BEGIN

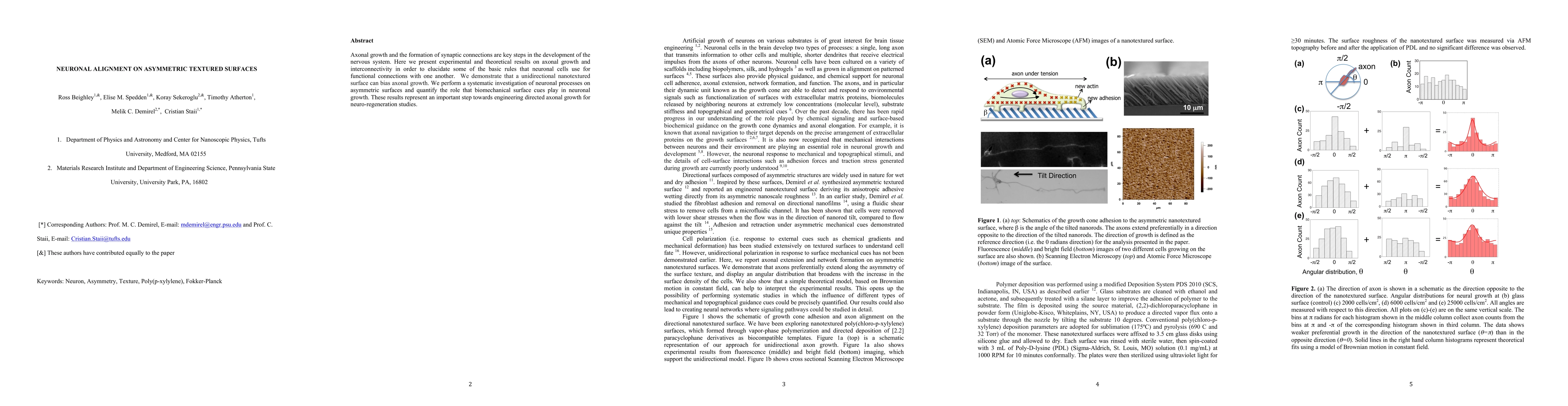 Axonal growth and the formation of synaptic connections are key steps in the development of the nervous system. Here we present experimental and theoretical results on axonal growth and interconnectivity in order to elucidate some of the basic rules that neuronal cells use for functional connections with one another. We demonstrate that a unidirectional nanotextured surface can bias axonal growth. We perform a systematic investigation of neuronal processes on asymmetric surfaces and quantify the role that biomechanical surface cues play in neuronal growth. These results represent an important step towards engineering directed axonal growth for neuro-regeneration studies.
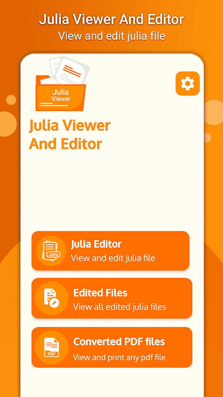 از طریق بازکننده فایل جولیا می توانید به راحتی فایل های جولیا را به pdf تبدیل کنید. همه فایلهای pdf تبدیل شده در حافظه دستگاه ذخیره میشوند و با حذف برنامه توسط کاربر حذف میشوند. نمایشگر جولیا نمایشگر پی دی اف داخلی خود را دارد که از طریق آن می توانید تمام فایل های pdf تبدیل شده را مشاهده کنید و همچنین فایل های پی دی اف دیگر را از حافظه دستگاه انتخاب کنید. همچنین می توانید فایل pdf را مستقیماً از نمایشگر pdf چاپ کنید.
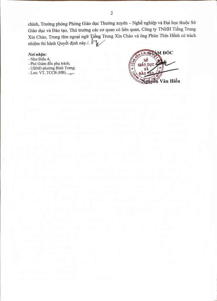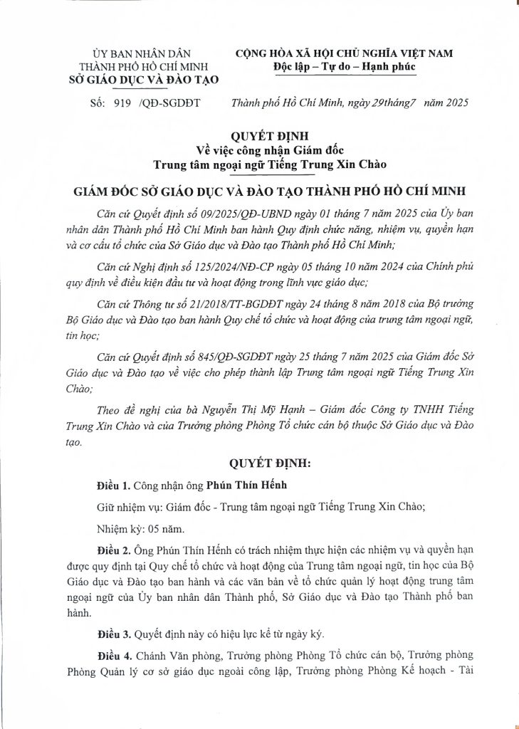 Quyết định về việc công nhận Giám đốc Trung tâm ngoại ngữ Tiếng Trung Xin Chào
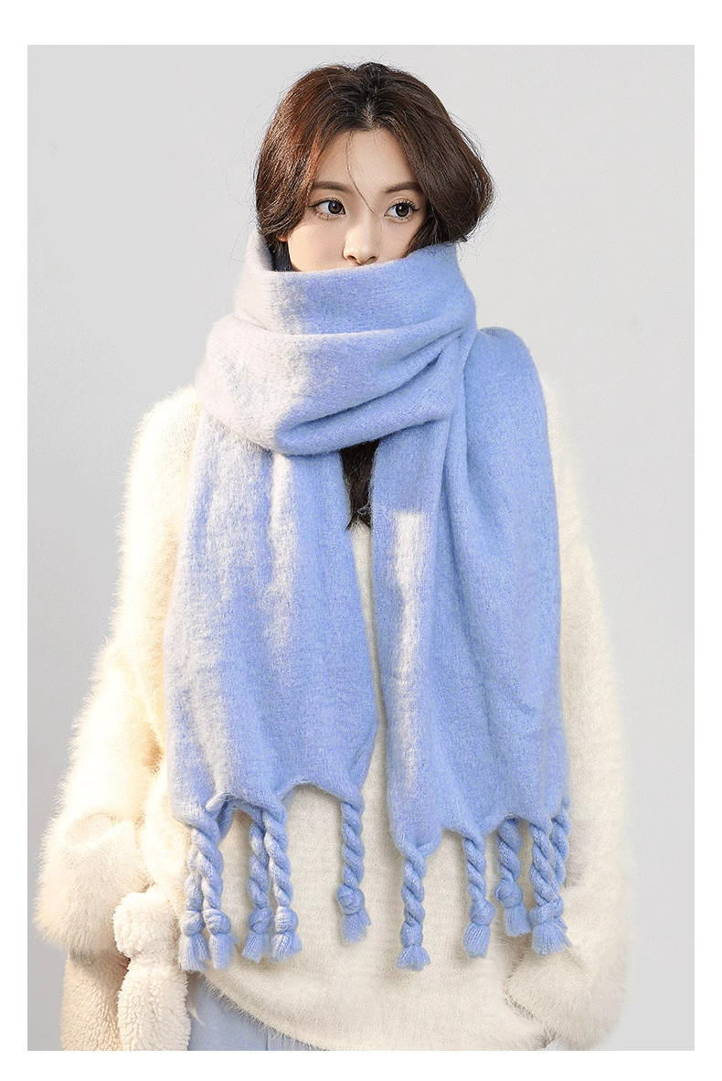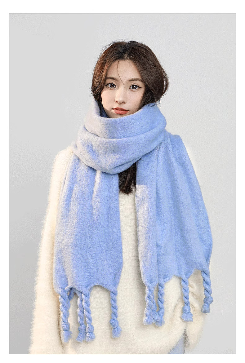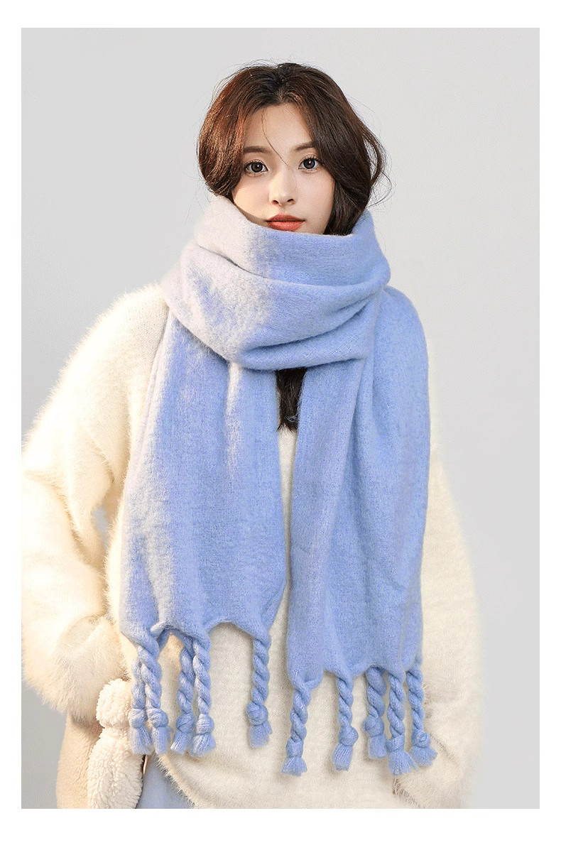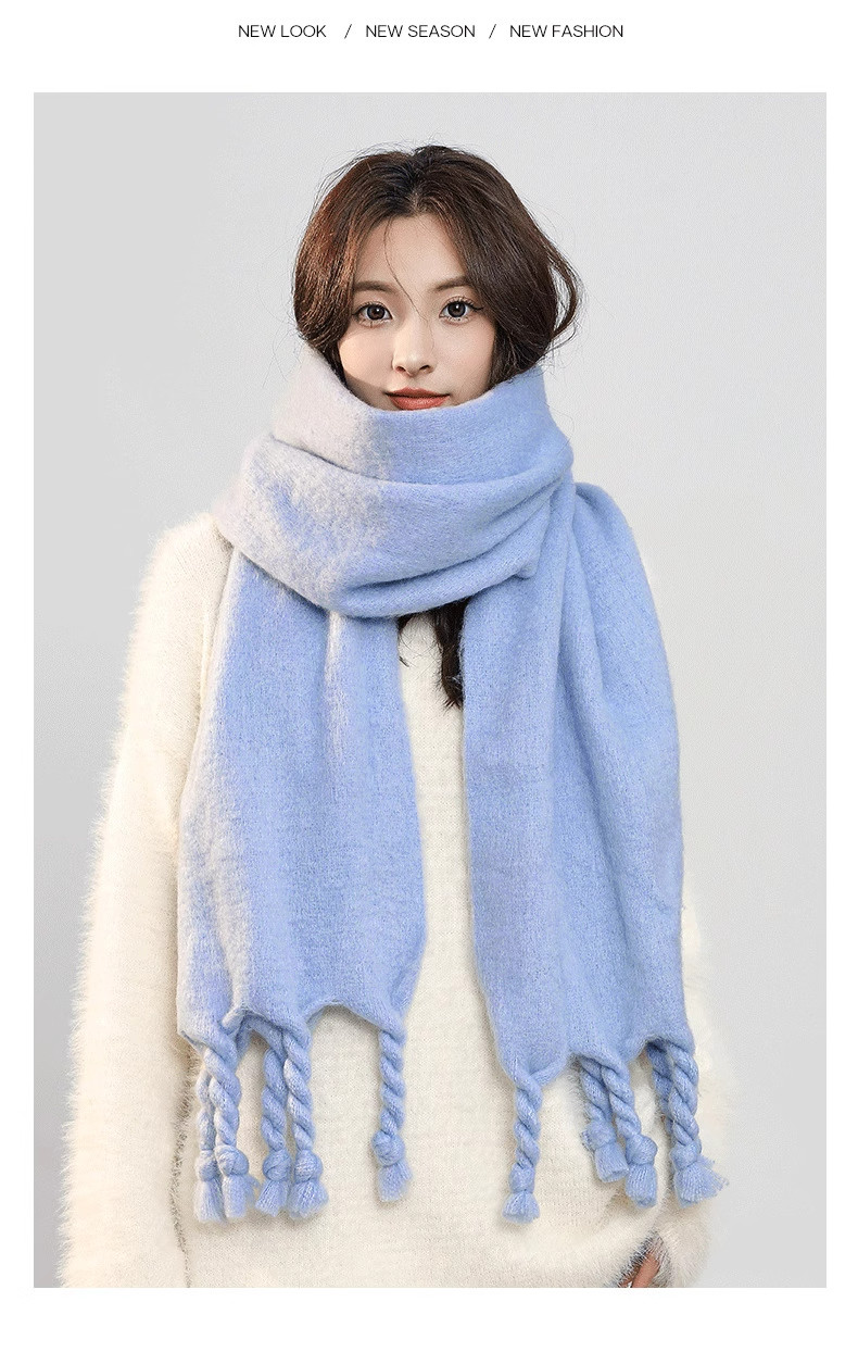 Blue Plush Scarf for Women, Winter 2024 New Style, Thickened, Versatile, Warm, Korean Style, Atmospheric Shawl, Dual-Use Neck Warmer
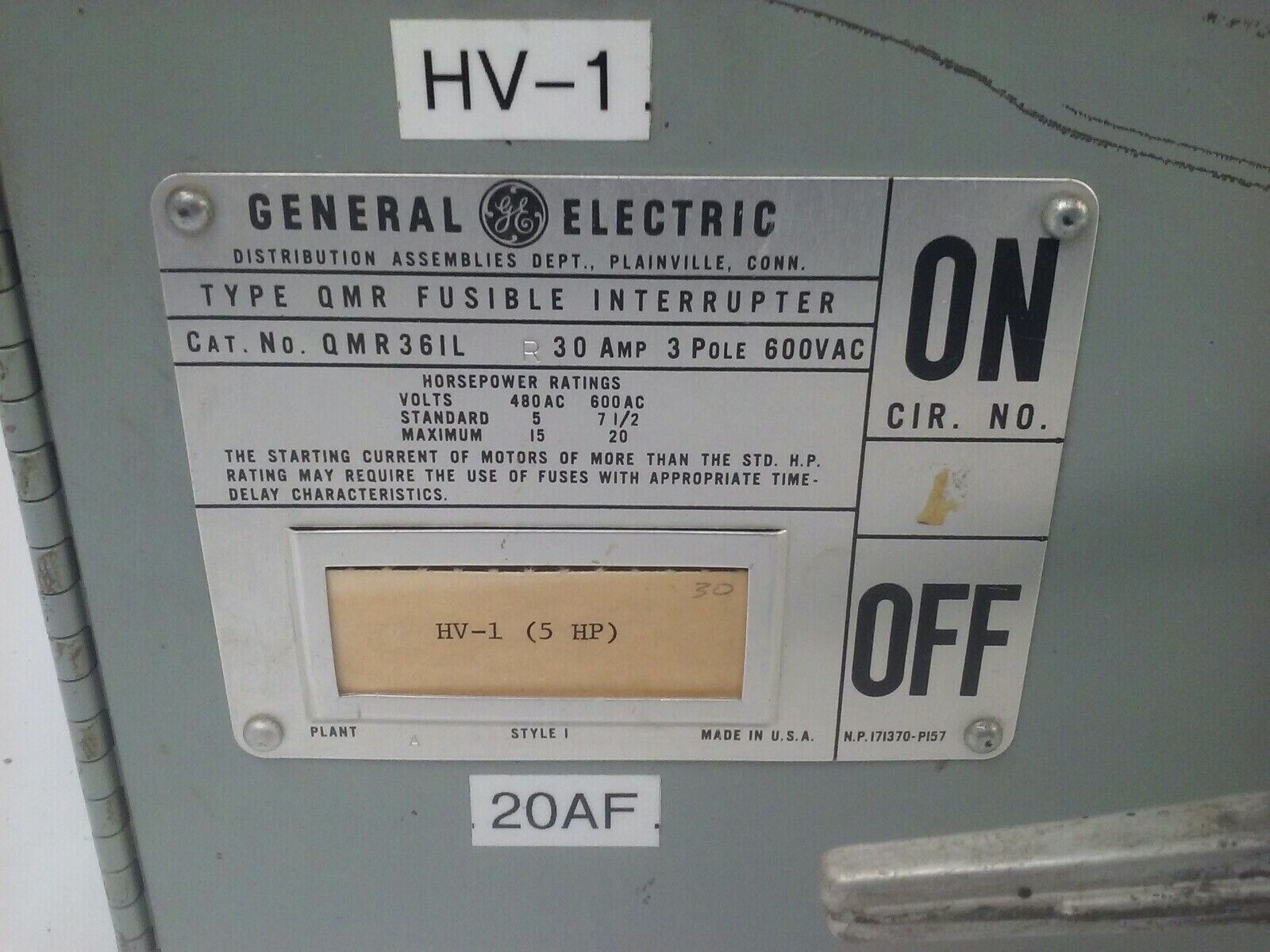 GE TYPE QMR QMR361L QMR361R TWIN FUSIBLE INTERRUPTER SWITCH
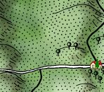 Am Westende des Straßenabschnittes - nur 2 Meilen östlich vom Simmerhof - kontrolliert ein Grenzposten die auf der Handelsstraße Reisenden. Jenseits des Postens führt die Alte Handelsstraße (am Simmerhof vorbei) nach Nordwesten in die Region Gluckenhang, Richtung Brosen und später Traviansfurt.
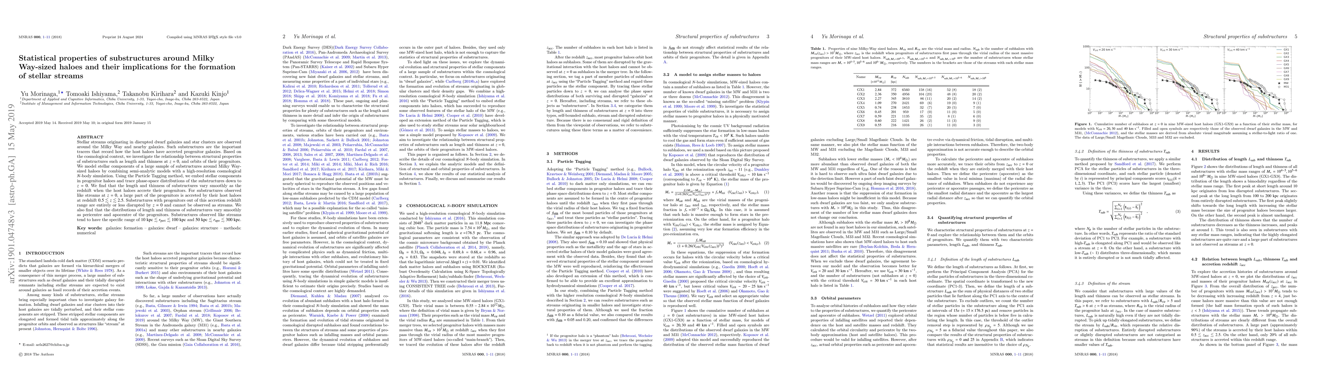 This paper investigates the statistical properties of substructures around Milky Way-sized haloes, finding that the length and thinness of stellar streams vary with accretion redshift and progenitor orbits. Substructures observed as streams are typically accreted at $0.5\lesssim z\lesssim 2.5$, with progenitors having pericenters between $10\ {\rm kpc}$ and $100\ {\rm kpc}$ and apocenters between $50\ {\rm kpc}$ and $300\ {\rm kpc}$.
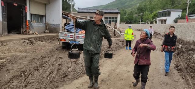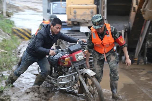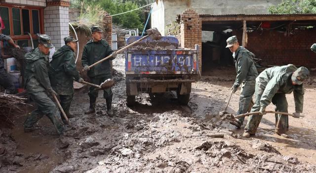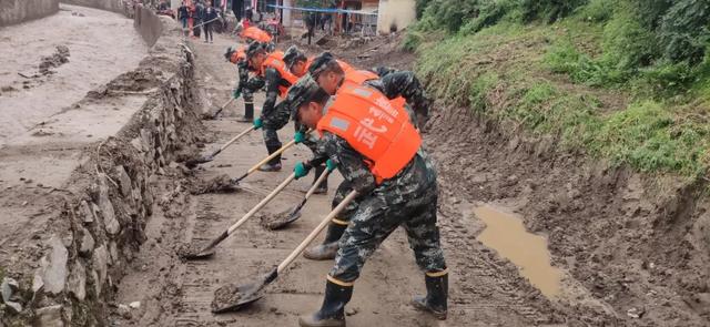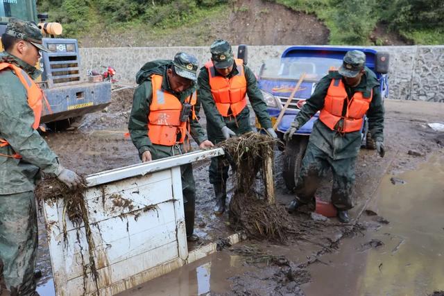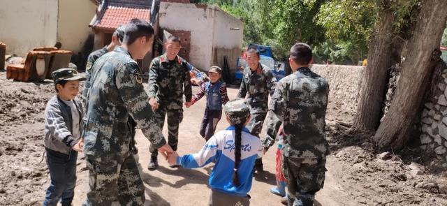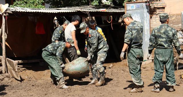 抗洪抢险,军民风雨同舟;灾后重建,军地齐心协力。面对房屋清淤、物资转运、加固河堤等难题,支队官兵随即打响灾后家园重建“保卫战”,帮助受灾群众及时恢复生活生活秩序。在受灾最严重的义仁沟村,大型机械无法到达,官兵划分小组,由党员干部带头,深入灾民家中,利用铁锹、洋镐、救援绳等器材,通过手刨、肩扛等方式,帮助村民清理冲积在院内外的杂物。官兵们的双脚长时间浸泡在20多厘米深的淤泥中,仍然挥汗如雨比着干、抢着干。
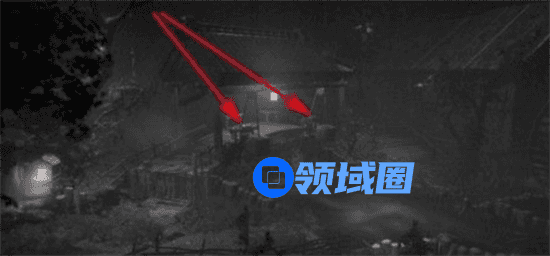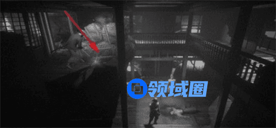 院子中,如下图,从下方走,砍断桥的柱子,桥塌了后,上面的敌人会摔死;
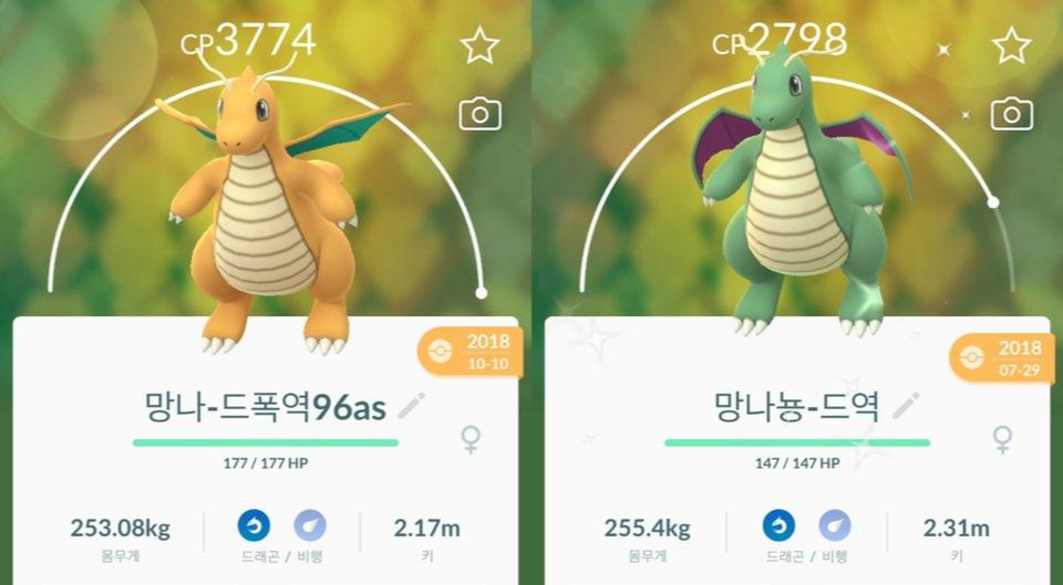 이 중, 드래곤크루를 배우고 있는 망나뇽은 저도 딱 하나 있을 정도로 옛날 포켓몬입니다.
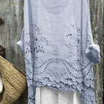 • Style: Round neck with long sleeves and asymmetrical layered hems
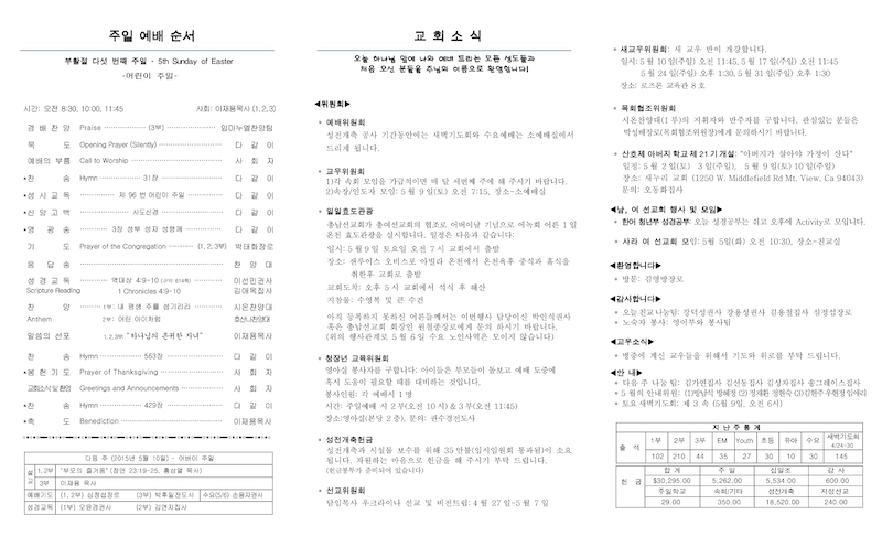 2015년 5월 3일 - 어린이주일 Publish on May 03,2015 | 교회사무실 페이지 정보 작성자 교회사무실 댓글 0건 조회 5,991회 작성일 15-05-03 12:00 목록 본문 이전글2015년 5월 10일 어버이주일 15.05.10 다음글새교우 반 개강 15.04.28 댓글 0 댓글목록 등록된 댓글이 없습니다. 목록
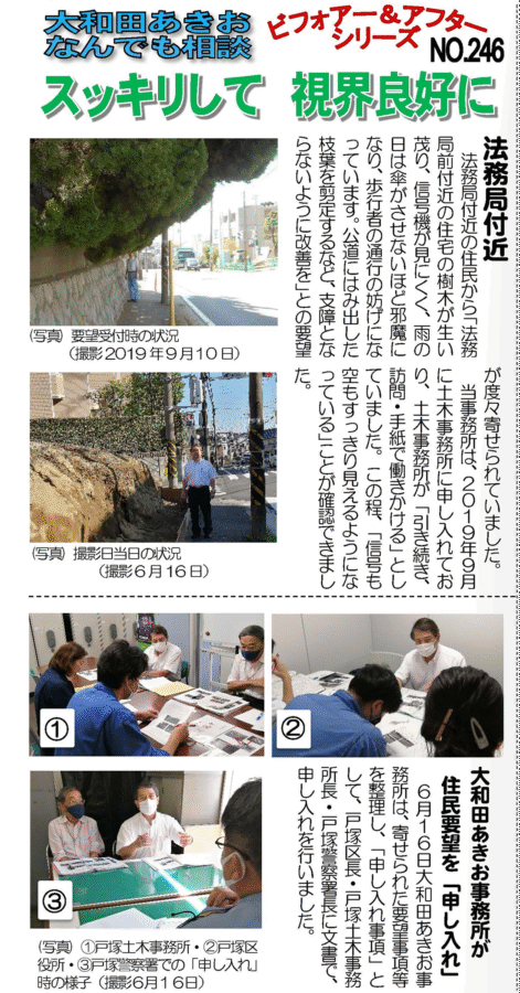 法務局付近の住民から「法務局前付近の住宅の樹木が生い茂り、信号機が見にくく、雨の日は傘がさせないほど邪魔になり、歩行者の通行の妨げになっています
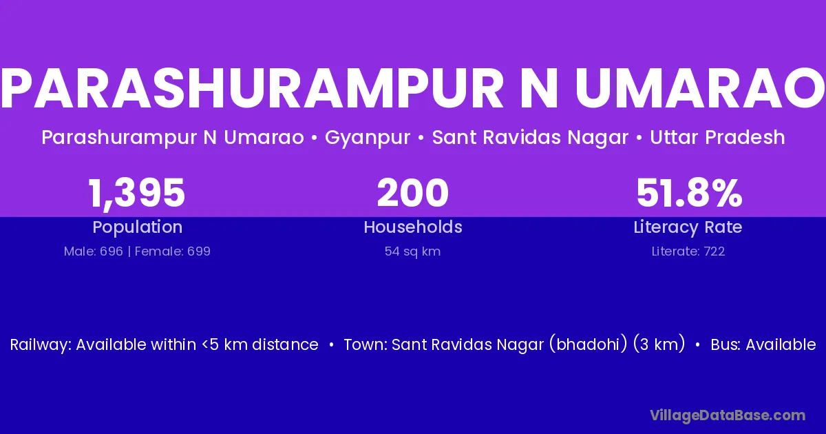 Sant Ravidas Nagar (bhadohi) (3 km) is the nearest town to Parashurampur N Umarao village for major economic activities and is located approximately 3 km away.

END

Copy each line of the listing exactly, skipping any picture.

_Response to this task_
 Axonal growth and the formation of synaptic connections are key steps in the development of the nervous system. Here we present experimental and theoretical results on axonal growth and interconnectivity in order to elucidate some of the basic rules that neuronal cells use for functional connections with one another. We demonstrate that a unidirectional nanotextured surface can bias axonal growth. We perform a systematic investigation of neuronal processes on asymmetric surfaces and quantify the role that biomechanical surface cues play in neuronal growth. These results represent an important step towards engineering directed axonal growth for neuro-regeneration studies.
 از طریق بازکننده فایل جولیا می توانید به راحتی فایل های جولیا را به pdf تبدیل کنید. همه فایلهای pdf تبدیل شده در حافظه دستگاه ذخیره میشوند و با حذف برنامه توسط کاربر حذف میشوند. نمایشگر جولیا نمایشگر پی دی اف داخلی خود را دارد که از طریق آن می توانید تمام فایل های pdf تبدیل شده را مشاهده کنید و همچنین فایل های پی دی اف دیگر را از حافظه دستگاه انتخاب کنید. همچنین می توانید فایل pdf را مستقیماً از نمایشگر pdf چاپ کنید.
 Quyết định về việc công nhận Giám đốc Trung tâm ngoại ngữ Tiếng Trung Xin Chào
 Blue Plush Scarf for Women, Winter 2024 New Style, Thickened, Versatile, Warm, Korean Style, Atmospheric Shawl, Dual-Use Neck Warmer
 GE TYPE QMR QMR361L QMR361R TWIN FUSIBLE INTERRUPTER SWITCH
 Am Westende des Straßenabschnittes - nur 2 Meilen östlich vom Simmerhof - kontrolliert ein Grenzposten die auf der Handelsstraße Reisenden. Jenseits des Postens führt die Alte Handelsstraße (am Simmerhof vorbei) nach Nordwesten in die Region Gluckenhang, Richtung Brosen und später Traviansfurt.
 This paper investigates the statistical properties of substructures around Milky Way-sized haloes, finding that the length and thinness of stellar streams vary with accretion redshift and progenitor orbits. Substructures observed as streams are typically accreted at $0.5\lesssim z\lesssim 2.5$, with progenitors having pericenters between $10\ {\rm kpc}$ and $100\ {\rm kpc}$ and apocenters between $50\ {\rm kpc}$ and $300\ {\rm kpc}$.
 抗洪抢险,军民风雨同舟;灾后重建,军地齐心协力。面对房屋清淤、物资转运、加固河堤等难题,支队官兵随即打响灾后家园重建“保卫战”,帮助受灾群众及时恢复生活生活秩序。在受灾最严重的义仁沟村,大型机械无法到达,官兵划分小组,由党员干部带头,深入灾民家中,利用铁锹、洋镐、救援绳等器材,通过手刨、肩扛等方式,帮助村民清理冲积在院内外的杂物。官兵们的双脚长时间浸泡在20多厘米深的淤泥中,仍然挥汗如雨比着干、抢着干。
 院子中,如下图,从下方走,砍断桥的柱子,桥塌了后,上面的敌人会摔死;
 이 중, 드래곤크루를 배우고 있는 망나뇽은 저도 딱 하나 있을 정도로 옛날 포켓몬입니다.
 • Style: Round neck with long sleeves and asymmetrical layered hems
 2015년 5월 3일 - 어린이주일 Publish on May 03,2015 | 교회사무실 페이지 정보 작성자 교회사무실 댓글 0건 조회 5,991회 작성일 15-05-03 12:00 목록 본문 이전글2015년 5월 10일 어버이주일 15.05.10 다음글새교우 반 개강 15.04.28 댓글 0 댓글목록 등록된 댓글이 없습니다. 목록
 法務局付近の住民から「法務局前付近の住宅の樹木が生い茂り、信号機が見にくく、雨の日は傘がさせないほど邪魔になり、歩行者の通行の妨げになっています
 Sant Ravidas Nagar (bhadohi) (3 km) is the nearest town to Parashurampur N Umarao village for major economic activities and is located approximately 3 km away.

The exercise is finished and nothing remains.